• [Exercise]: Transcribe the data exactly, omitting whatever pictures it holds.

• [Data entries]:
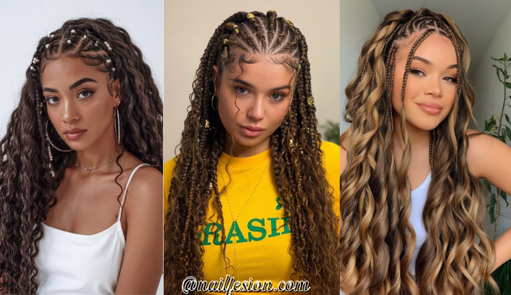 This hairstyle is perfect if you love showing off your natural curls. The top section is pulled into a soft crown, while the rest of your curls flow freely. You can wear this look to school, brunch, or even a party. It works best with medium to long natural hair and adds volume instantly. Pinterest users love this because it looks effortless yet polished. You can also add gold clips or beads for extra style. If you want something that feels both natural and elegant, this curly crown look is a must-try for everyday beauty and special occasions.
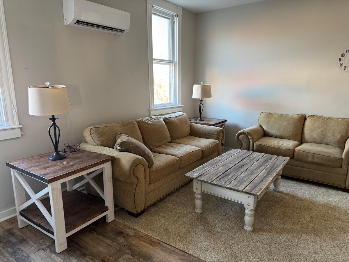This suite in our beautiful row home is centrally located in historic downtown Frederick and steps away from some of Frederick’s amazing restaurants, cafés, shops, pubs, parks & entertainment. This unit has a private entrance (up a spiral staircase) on the 2nd floor, with keyless entry. You will enter a spacious bedroom with a queen bed, gorgeous light, and a table for two. The luxury bathroom includes soaking tub, steam room, and walk-in shower. Unit includes Keurig, microwave & mini fridge.
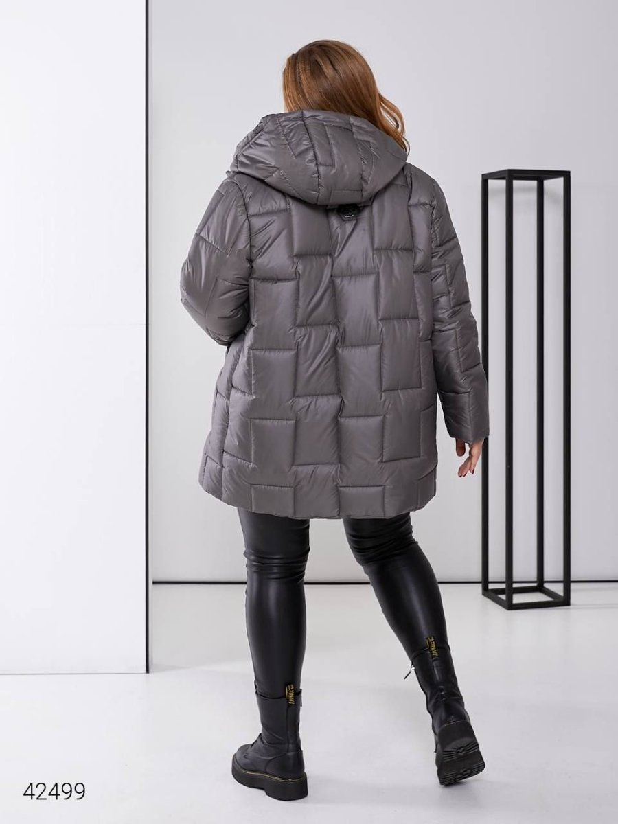 Стьобана жіноча куртка. Стьобана куртка прямого крою з великим капюшоном та якісною фурнітурою.
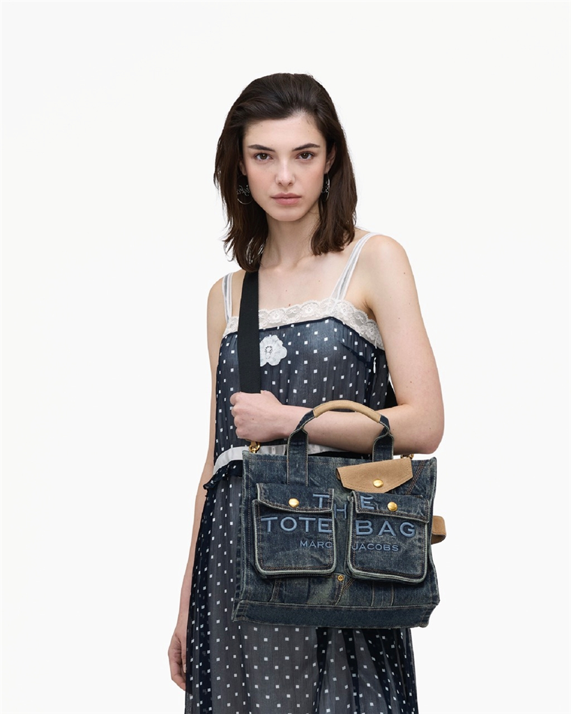 the denim suede medium cargo tote bag
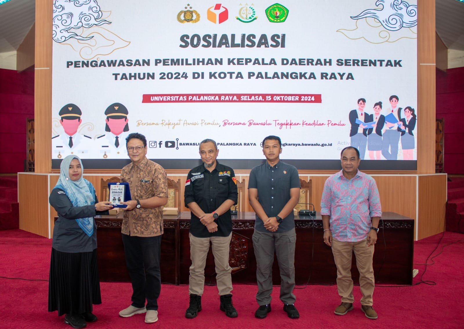 PALANGKARAYA – Dalam rangka turut menciptakan iklim politik dan demokrarasi yang sehat, Badan Pengawas Pemilihan Umum (Bawaslu) Kota Palangka Raya bekerjasama dengan Tim Sentra Penegakan Hukum Terpadu (Gakkumdu) Palangka Raya mengadakan kegiatan Sosialisasi Pengawasan Pemilihan Kepala Daerah (Pilkada) Serentak Tahun 2024, di Universitas Palangka Raya (UPR), Selasa (15/10/2024).
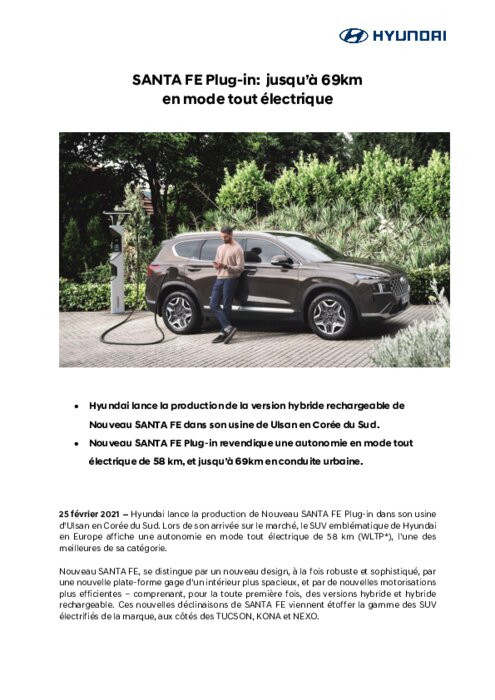 Hyundai lance la production de Nouveau SANTA FE Plug-in dans son usine d’Ulsan en Corée du Sud. Lors de son arrivée sur le marché, le SUV emblématique de Hyundai en Europe affiche une autonomie en mode tout électrique de 58 km (WLTP), l’une des meilleures de sa catégorie.
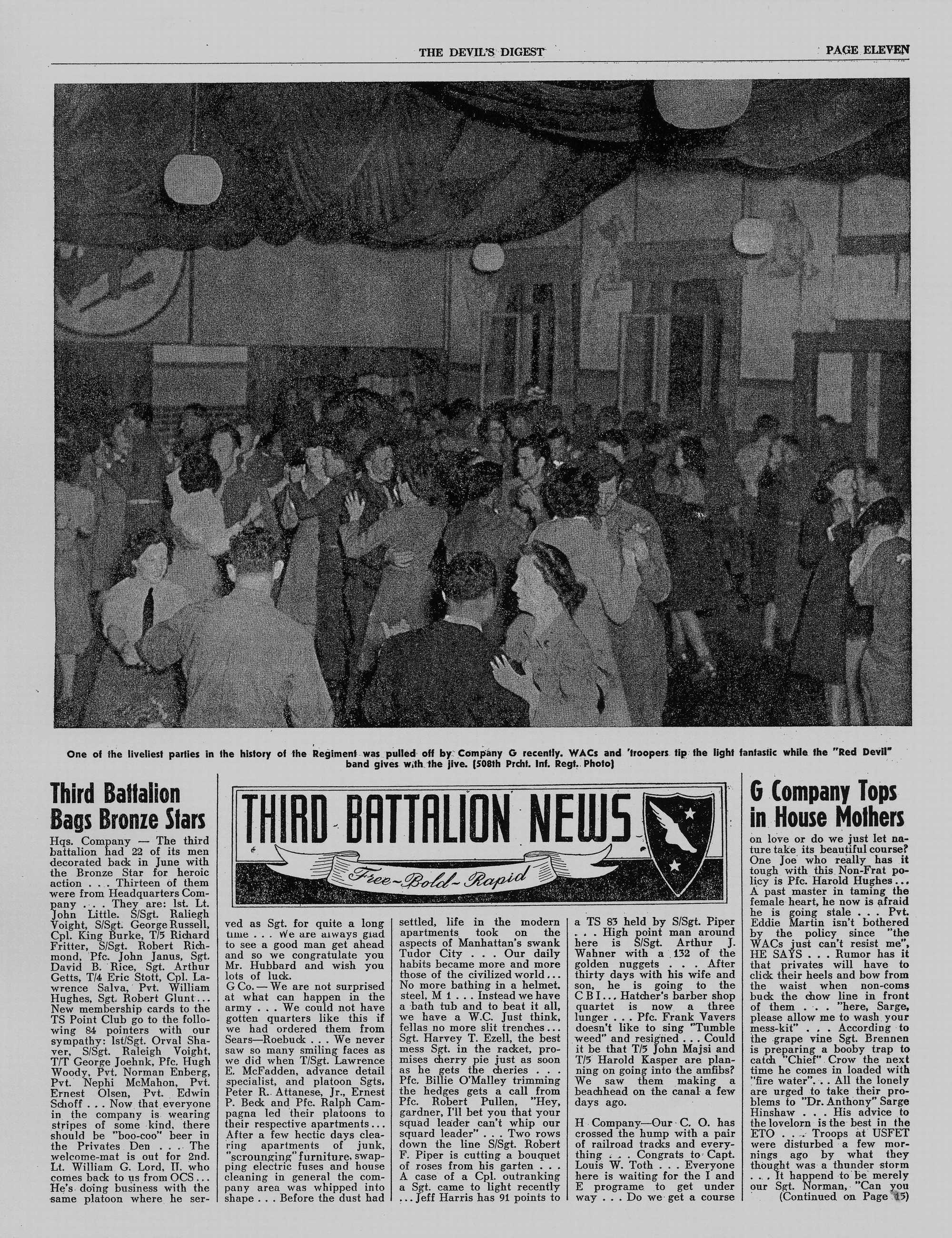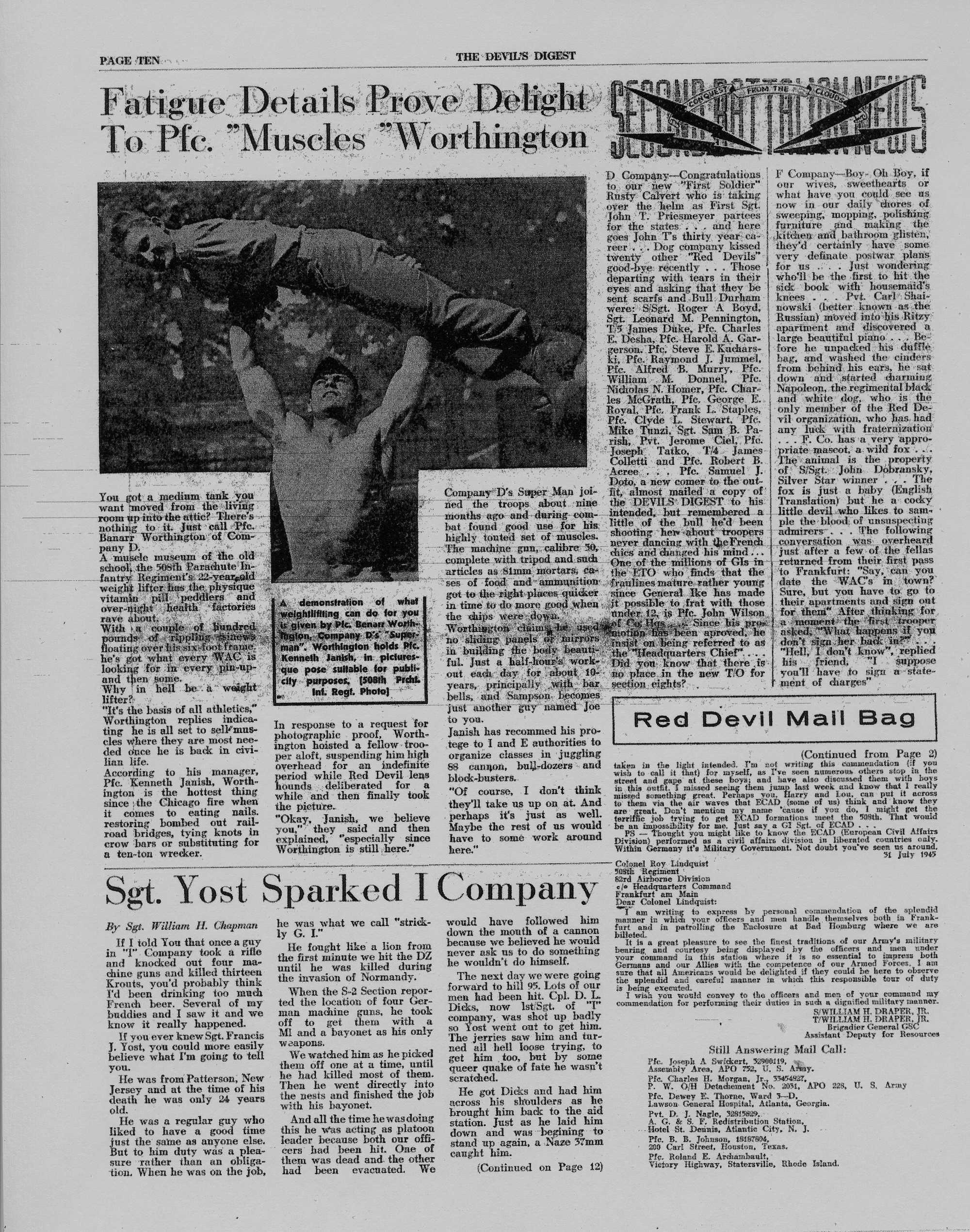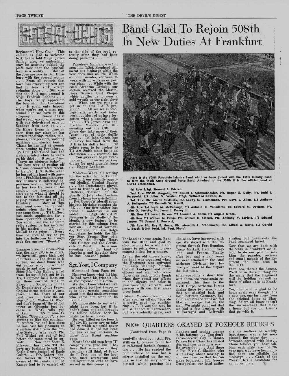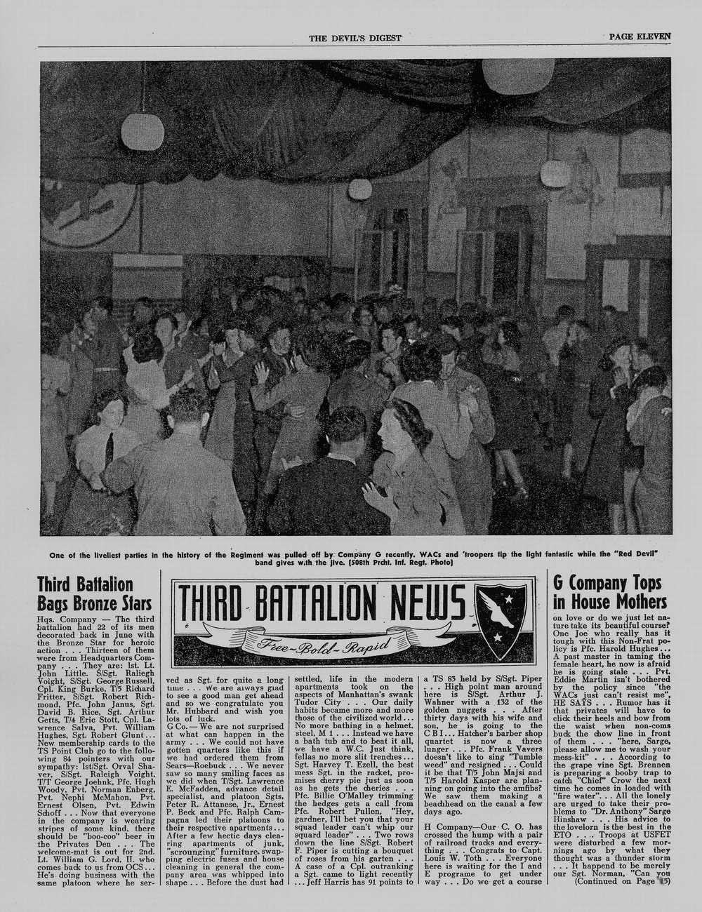 Fatigue Details Prove Delight To Pfc. "Muscles" Worthington |  HEADLINES (click for high resolution) Third Battalion Bags Bronze Stars |  HEADLINES (click for high resolution) Band Glad To Rejoin 508th In New Duties At Frankfurt |
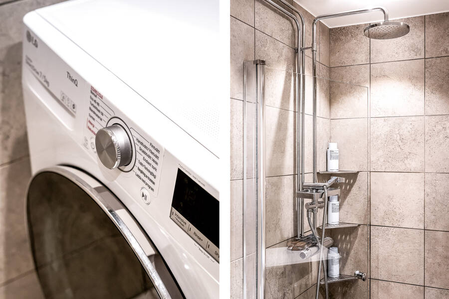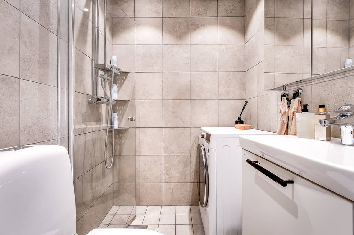 Helkaklade väggar, klinkergolv med golvvärme och spotlights i tak. Duschrummet är utrustat med wc, stor kommod, duschvägg och kombimaskin (från 2021).
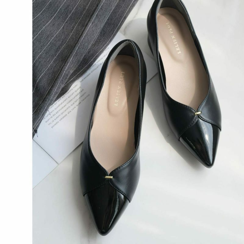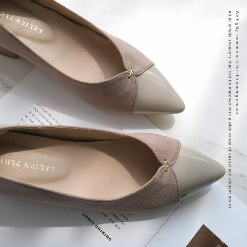 つま先の切り替えデザインがポイントの、エレガントなパンプス
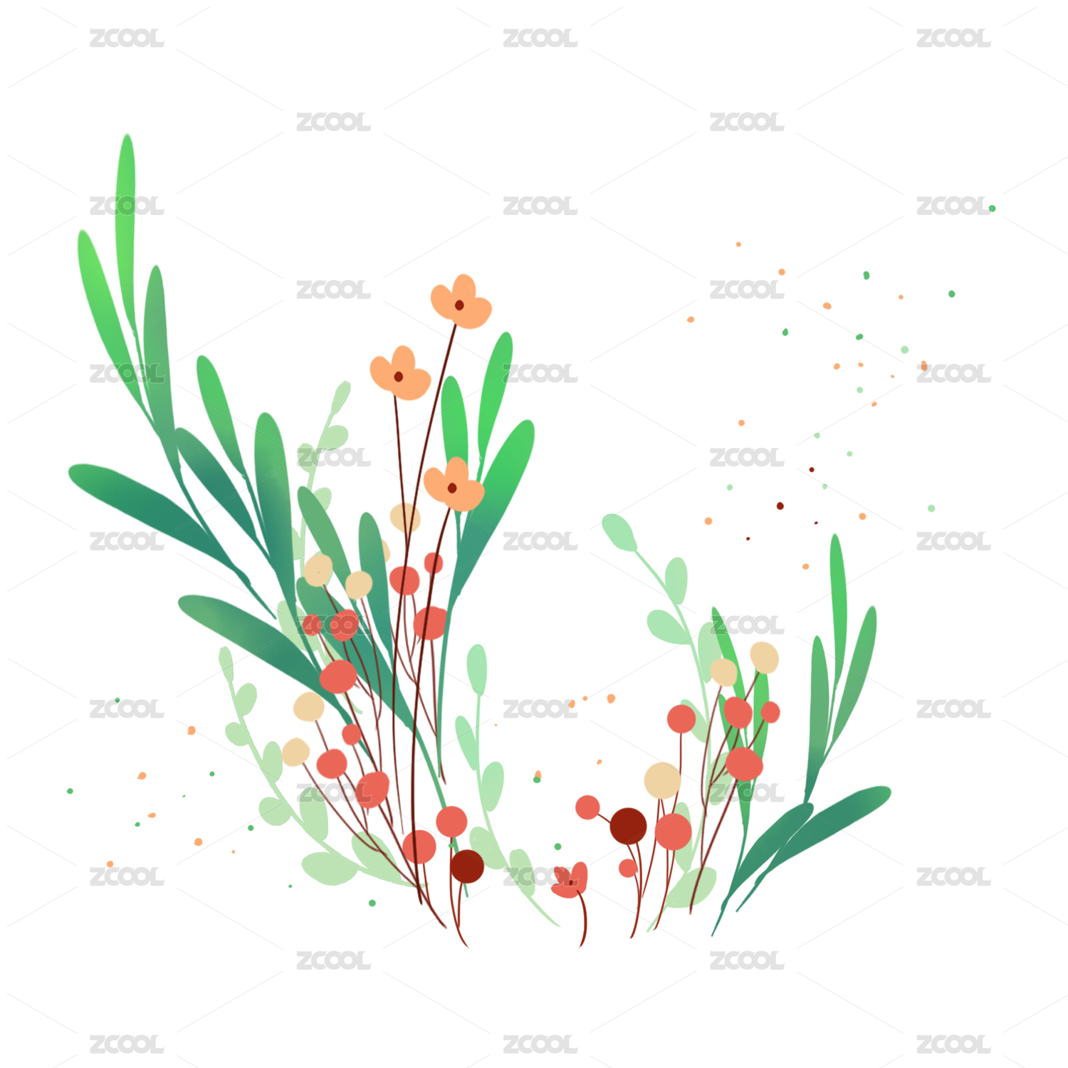 水彩花草素材

• [Result for this task]:
 This hairstyle is perfect if you love showing off your natural curls. The top section is pulled into a soft crown, while the rest of your curls flow freely. You can wear this look to school, brunch, or even a party. It works best with medium to long natural hair and adds volume instantly. Pinterest users love this because it looks effortless yet polished. You can also add gold clips or beads for extra style. If you want something that feels both natural and elegant, this curly crown look is a must-try for everyday beauty and special occasions.
This suite in our beautiful row home is centrally located in historic downtown Frederick and steps away from some of Frederick’s amazing restaurants, cafés, shops, pubs, parks & entertainment. This unit has a private entrance (up a spiral staircase) on the 2nd floor, with keyless entry. You will enter a spacious bedroom with a queen bed, gorgeous light, and a table for two. The luxury bathroom includes soaking tub, steam room, and walk-in shower. Unit includes Keurig, microwave & mini fridge.
 Стьобана жіноча куртка. Стьобана куртка прямого крою з великим капюшоном та якісною фурнітурою.
 the denim suede medium cargo tote bag
 PALANGKARAYA – Dalam rangka turut menciptakan iklim politik dan demokrarasi yang sehat, Badan Pengawas Pemilihan Umum (Bawaslu) Kota Palangka Raya bekerjasama dengan Tim Sentra Penegakan Hukum Terpadu (Gakkumdu) Palangka Raya mengadakan kegiatan Sosialisasi Pengawasan Pemilihan Kepala Daerah (Pilkada) Serentak Tahun 2024, di Universitas Palangka Raya (UPR), Selasa (15/10/2024).
 Hyundai lance la production de Nouveau SANTA FE Plug-in dans son usine d’Ulsan en Corée du Sud. Lors de son arrivée sur le marché, le SUV emblématique de Hyundai en Europe affiche une autonomie en mode tout électrique de 58 km (WLTP), l’une des meilleures de sa catégorie.
 Fatigue Details Prove Delight To Pfc. "Muscles" Worthington |  HEADLINES (click for high resolution) Third Battalion Bags Bronze Stars |  HEADLINES (click for high resolution) Band Glad To Rejoin 508th In New Duties At Frankfurt |
 Helkaklade väggar, klinkergolv med golvvärme och spotlights i tak. Duschrummet är utrustat med wc, stor kommod, duschvägg och kombimaskin (från 2021).
 つま先の切り替えデザインがポイントの、エレガントなパンプス
 水彩花草素材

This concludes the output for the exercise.